And this—though rarely labeled as such—is a kind of adultery. Not the kind that breaks the marriage with an affair, but the kind that erodes it through ongoing, habitual neglect. It is a sin of withholding. A sin of silence. A sin the Church must name.

Because if the Church is called to disciple God’s people in every area of life, then the bedroom must not be excluded from that holy task. To that end, we begin.

THE CURSE OF SEXLESSNESS

There are few places as sacred—or as silent—as a cold marriage bed. Once a place of laughter, warmth, and unashamed delight, it can become a tomb where desire dies, touch fades, and joy is buried beneath the sheets.

Sometimes the silence comes slowly. A missed moment here. A rejected advance there. Hurt feelings left unspoken. Needs unshared. Over time, conversation dries up. Affection wanes. The pursuit that once came easily becomes rare. Eventually, the bed becomes a negotiation, a frequent rejection, a "let's get it over with"—or worse, a battleground where deep bitterness, frustration, and shame lie unchecked. And without repentance, this kind of scenario will become a deep dank grave that will poison the marriage.

Why? Because bitterness grows best in silence and no where are couples more prone to awkward silence about their disappointments and frustrations than in the realm of sex. But, as Hebrews 12:15 warns us, even a single root of bitterness can spread its venom through the soul, defiling many. And the sexless marriage, if left untended, becomes the perfect greenhouse for that kind of festering rot to thrive. It spreads into tone, into assumptions, into parenting, into prayer. Everything begins to feel brittle. Heavy. Burdened. The marriage becomes a hallway of closed doors and unmet expectations.

What was meant to be the safest and most intimate place on earth becomes the loneliest. What was meant to be a sanctuary of celebration becomes a monument of mourning. The couple still sleeps in the same bed. But it no longer joins them. It divides them. They lie side by side—back to back instead of heart to heart. The place where their oneness is supposed to be most pronounced, becomes a marker of their distance.

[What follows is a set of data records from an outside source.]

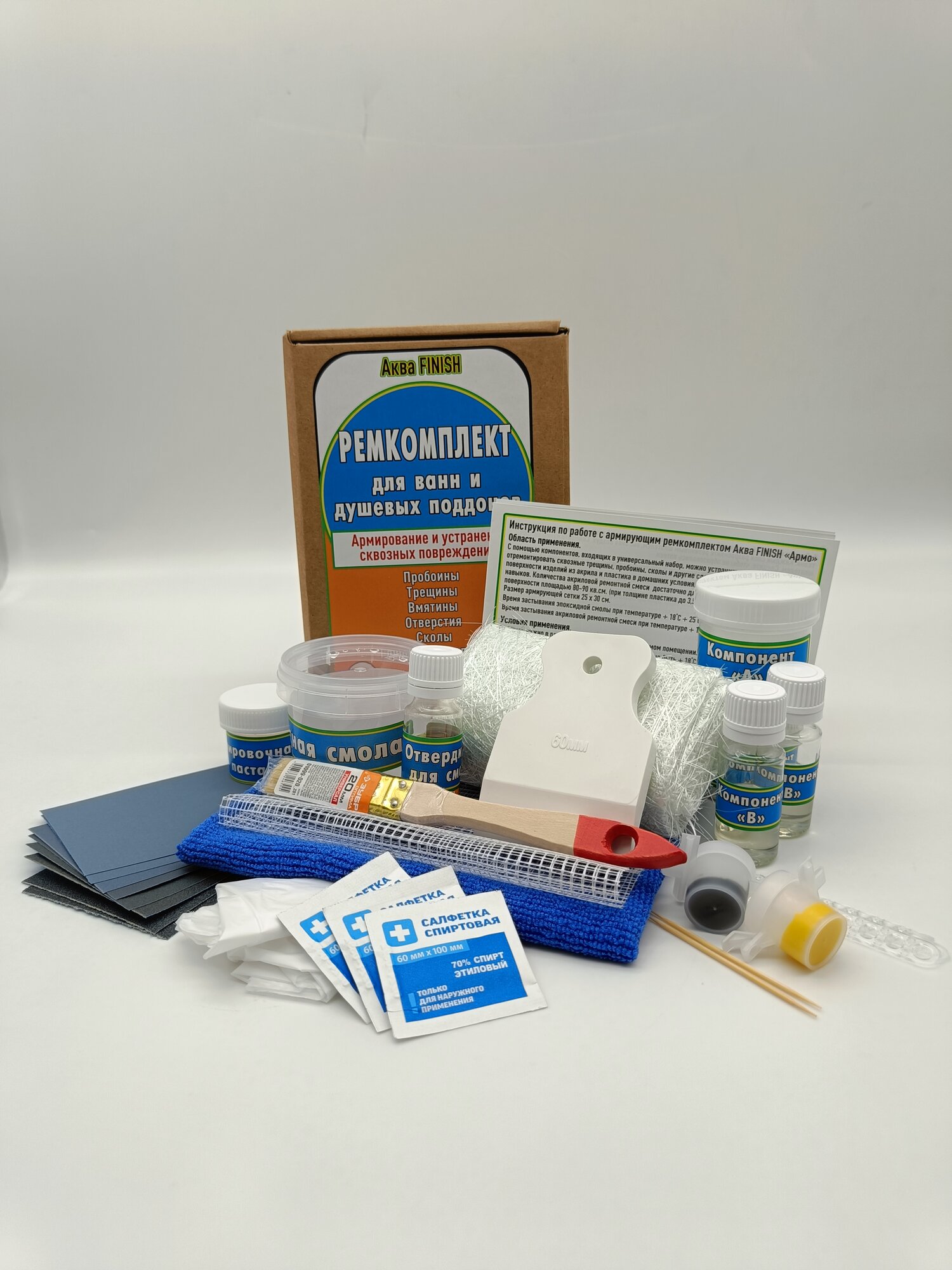Универсальный армирующий ремкомплект для акриловых ванн и душевых поддонов. Набор Аква FINISH "ARMO" информация: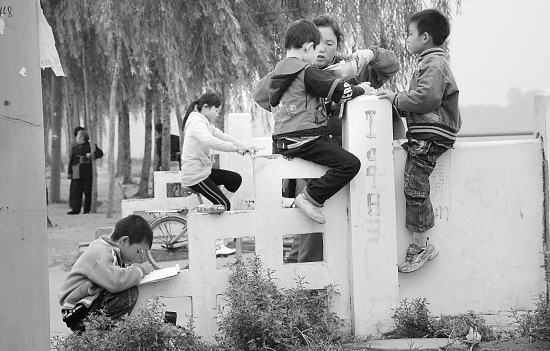昨天中午时分,市区某桥头,两个小男孩骑在桥栏上,一边写着作业,一边轮流吃着家长喂到嘴边的饭;身后,还有一个男孩正蹲着认真地写作业…… 这位母亲说,她在附近做小本生意,中午回不了家,孩子都是随便吃点饭,随处做作业。 晚报记者 朱海龙 摄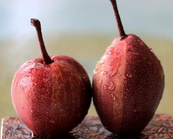 紫紅色,果面光滑,有光澤,并具棱狀突起,果皮薄而脆,果心較小,瓤肉瑩白,質(zhì)細(xì),酥脆爽口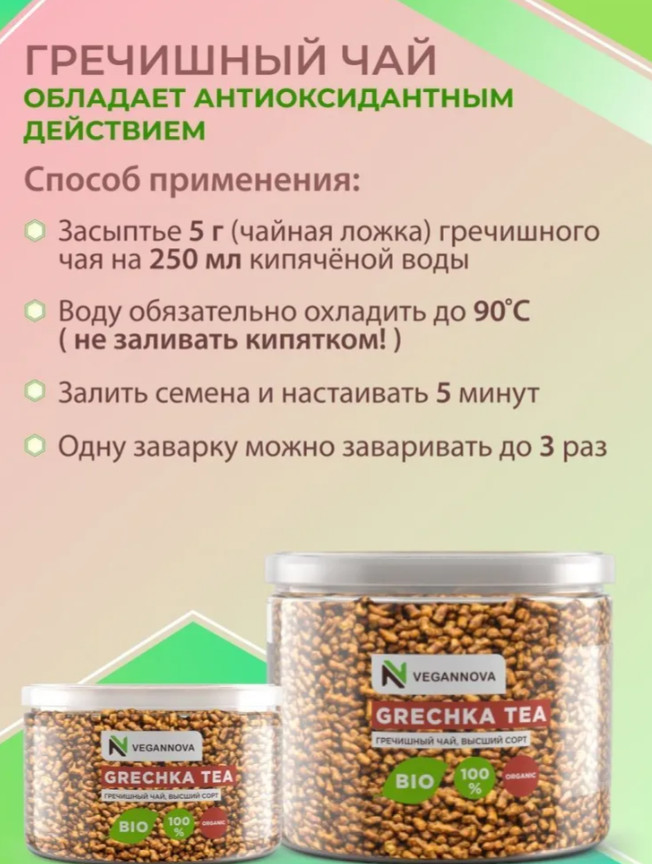 Заваривать гречишный чай просто: достаточно одной-двух чайных ложек гранул залить 250 мл горячей воды (90 градусов) и настоять 3-4 минуты. В результате вы получите насыщенный по вкусу напиток, содержащий более 20 витаминов и микроэлементов в одной чашке.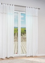 Hier sind alle Wellenlinien in Weiß gestaltet, wodurch der elegante und stilvolle Ausdruck des Gardinenschals noch unterstrichen wird. Durch das Wellenmuster und den transparenten Stoff wirkt der Dekoschal luftig-leicht und fügt sich apart in den Raum ein. Was die Kombination mit Farben angeht, haben Sie hier alle Freiheit. Die Verbindung von Blau-, Grau- und Weißtönen unterstreicht die filigrane Zartheit des Designs.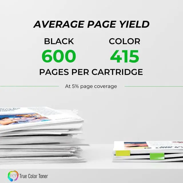 - Page Yield: 600 pages per Black and 415 per color cartridge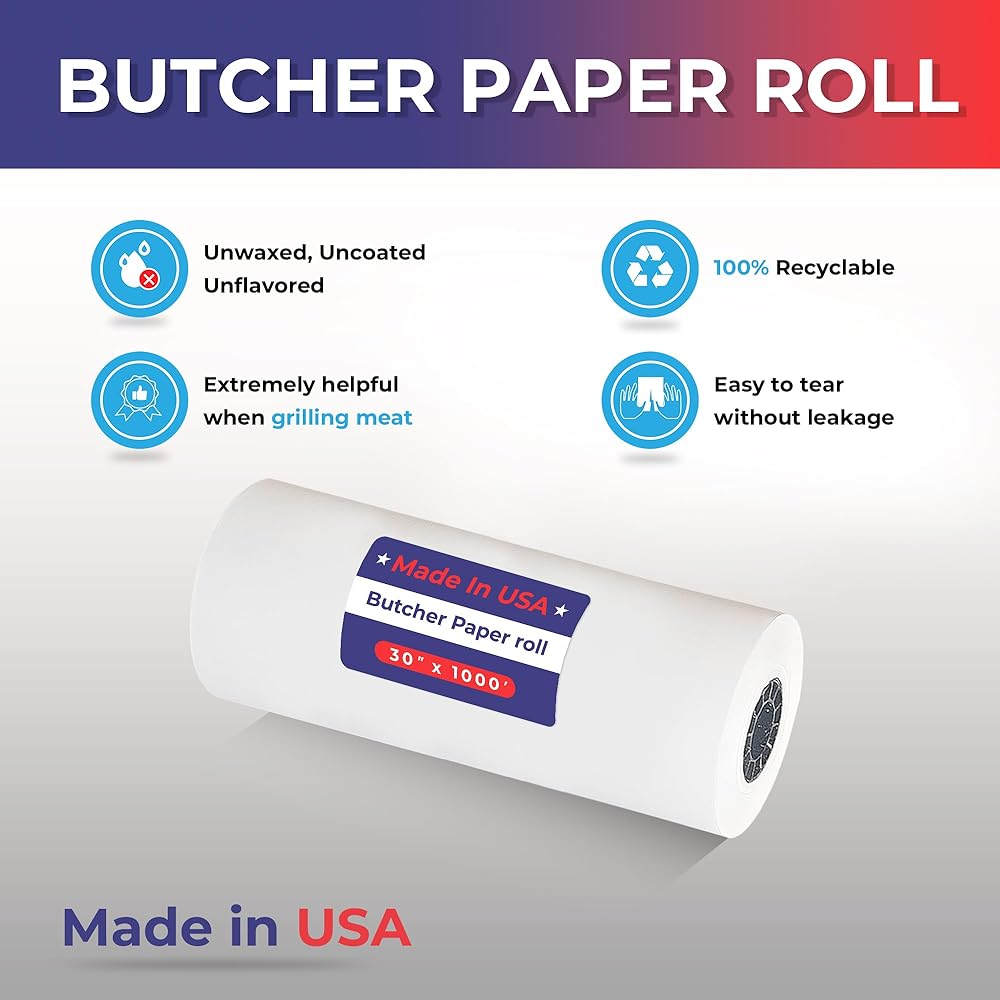 • High-Quality Butcher Paper – POS Paper USA's 30" x 1000' Butcher Paper Roll is made from durable 40# bleached white paper, designed for reliable performance in both home and commercial kitchens.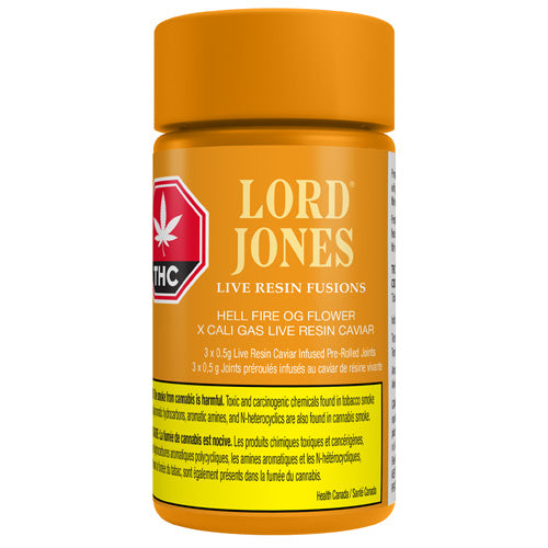 Lord Jones Live Resin Fusions are kief-coated and filled with high-potency, terpene-rich, live resin caviar and hard-hitting, single-strain flower sure to go beyond all expectations. With the Lord Jones Live Resin Fusions Hell Fire OG x Cali Gas, take yourself to the underworld of potency and flavour with a fusion of gassy and garlicy Cali Gas live resin caviar and Hell Fire OG flower. Finish strong with a dense pine aroma that fills the room with every exhale. With the addition of premium ceramic filters, your smoking experience is now smoother than ever.

And this distance does not remain contained. Peter warns us that a husband’s spiritual life can be hindered if he does not live with his wife in an understanding way (1 Peter 3:7). That is not abstract theology—it is practical terror. If your bed is frozen in distance, your prayers may be frozen in heaven. Cold affections can chill the soul. And the Lord will not overlook it.

This is not merely about sex. It is about covenant. It is about truth. And it is about a quiet kind of death that too many couples pretend is normal.

But how exactly does this coldness cut so deep? What does it do to a man? To a woman? To the soul? Let us continue our examination by learning how much damage sexlessness can cause.

HOW SEXLESSNESS KILLS YOUR MARRIAGE

Sexual neglect is not benign. It is not a harmless omission or an unfortunate oversight. It is a bodily starvation. A marital poison that seeps into every cell, every system, every silence.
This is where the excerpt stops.